The sky-high salmon prices that continue to rise were the main topic of conversation within the industry at this week's Seafood Expo Global in Barcelona.

"In November 2021, I thought I was being optimistic when I estimated that the salmon price in 2022 would be 70 kroner per kilo," DNB Markets Analyst Alexander Aukner told IntraFish.

The salmon price is, of course, now far above this level. Last week, the industry reported prices of close to NOK 110 per kilo for core sizes, and prices are up to NOK 120 (€12.21/$12.85) per kilo for some batches of large fish. In comparison, the production costs are NOK 40-45 (€4.07-4.58/$4.28-4.82) per kilo.

The point of no return

DNB risk management executive Staale Johansen believes that salmon prices will not return to what was previously the "normal level" of around NOK 60 (€6.11/$6.43) per kilo.

"It is about inflation, which is not isolated to just salmon," he said. "Prices of consumer goods generally increase by around 8 percent on an annual basis, both in the EU and the USA. It is quite dramatic."

The banker warned everyone with a lot of debt.

"Be prepared because interest rates will increase significantly in the future, both in Europe and the USA. High inflation and higher interest rates will also affect salmon prices, which will settle at a new and higher level," he said.

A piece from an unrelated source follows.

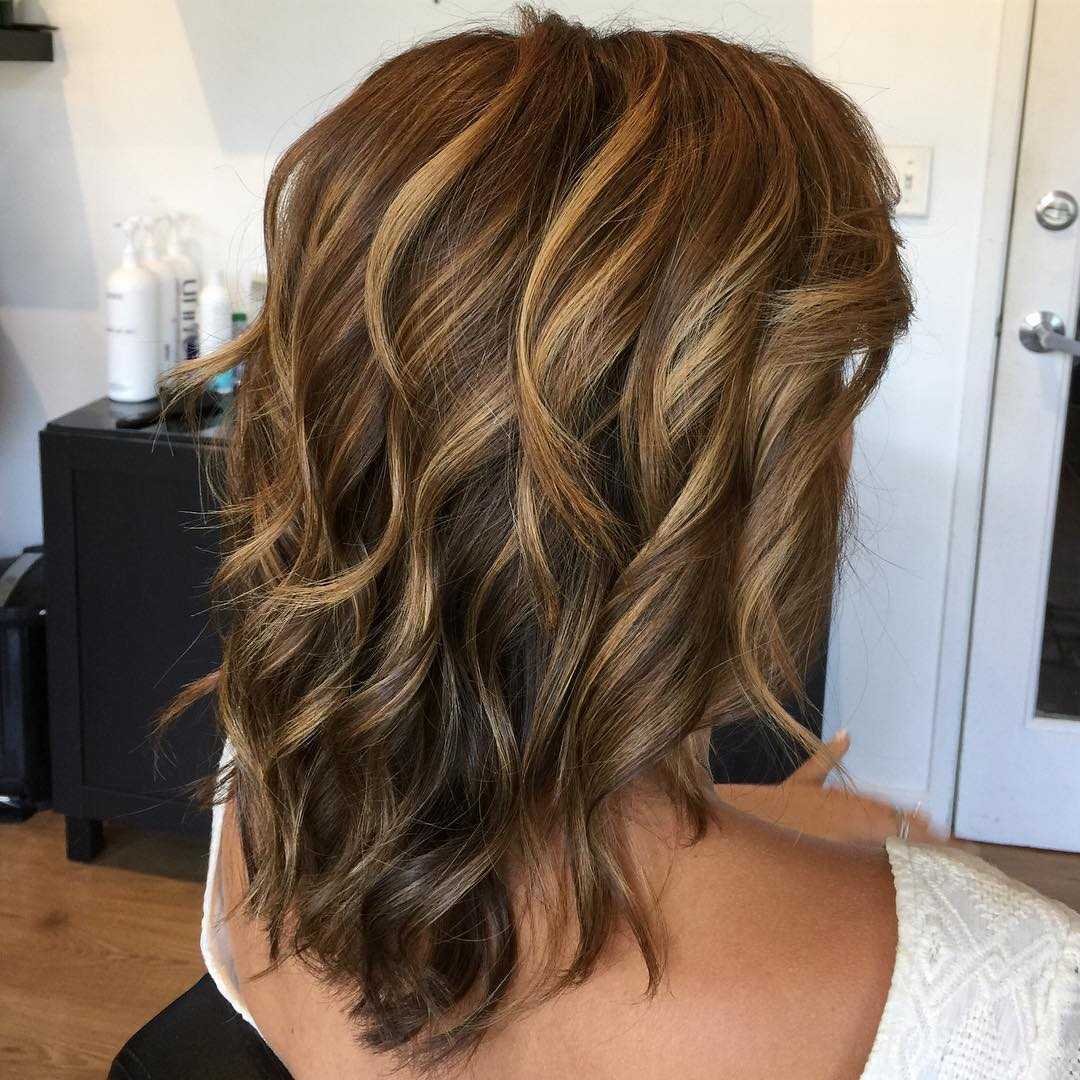 На волнистых волосах средней длины каскад смотрится не менее уместно. Гармонично подобранные переходы сформируют из непослушных, торчащих завитков классную причёску. Вероятно, её обладательнице даже не придётся укладывать локоны. Они сами лягут так, как нужно. Отсутствие чёлки в такой стрижке – это отличный способ зрительно вытянуть овал лица.

Johansen also said that feed prices are rising significantly as a result of rising prices for raw materials such as wheat, vegetable oil and maize.

"One feed producer I spoke to had increased its feed prices by 11 percent in one quarter. This will affect the salmon market," he said.

Fixed price strategy

Most salmon is sold on the spot market, but some players also trade part of their volume on fixed-price contracts of various durations.

Johansen estimates that processors secure around 30 percent of planned purchases at fixed prices. But there must be balance, he believes.

"Processors can find themselves in very challenging positions if there is no correspondence between the fixed price for purchasing and sales," he said.

It is a predicament processors and wholesalers laid out to IntraFish when we spoke to them earlier this month.

Surprisingly strong

Analyst Alexander Aukner is surprised at how fast and how high the price of salmon has risen.

The main driver is that harvest volumes this year are expected to fall by 1 percent compared with 2021. In 2023, on the other hand, an increase of around 6 percent is expected, which may soften the market.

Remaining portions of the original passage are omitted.